## Brief
Print the data below verbatim, minus images.

----- Recorded data

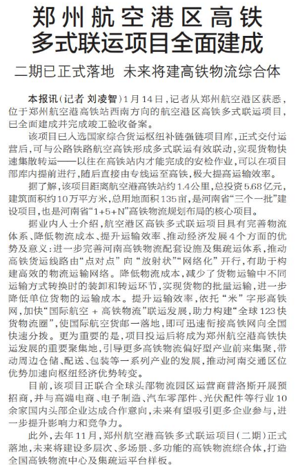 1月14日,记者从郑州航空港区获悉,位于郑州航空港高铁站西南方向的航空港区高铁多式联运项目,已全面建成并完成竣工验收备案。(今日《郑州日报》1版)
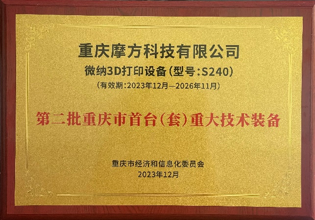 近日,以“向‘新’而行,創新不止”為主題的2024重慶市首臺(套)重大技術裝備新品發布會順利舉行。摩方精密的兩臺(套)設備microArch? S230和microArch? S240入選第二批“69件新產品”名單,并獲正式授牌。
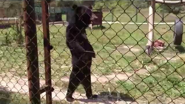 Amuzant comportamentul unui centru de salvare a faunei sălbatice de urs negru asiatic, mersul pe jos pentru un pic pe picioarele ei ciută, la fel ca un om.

----------

## Your response
 1月14日,记者从郑州航空港区获悉,位于郑州航空港高铁站西南方向的航空港区高铁多式联运项目,已全面建成并完成竣工验收备案。(今日《郑州日报》1版)
 近日,以“向‘新’而行,創新不止”為主題的2024重慶市首臺(套)重大技術裝備新品發布會順利舉行。摩方精密的兩臺(套)設備microArch? S230和microArch? S240入選第二批“69件新產品”名單,并獲正式授牌。
 Amuzant comportamentul unui centru de salvare a faunei sălbatice de urs negru asiatic, mersul pe jos pentru un pic pe picioarele ei ciută, la fel ca un om.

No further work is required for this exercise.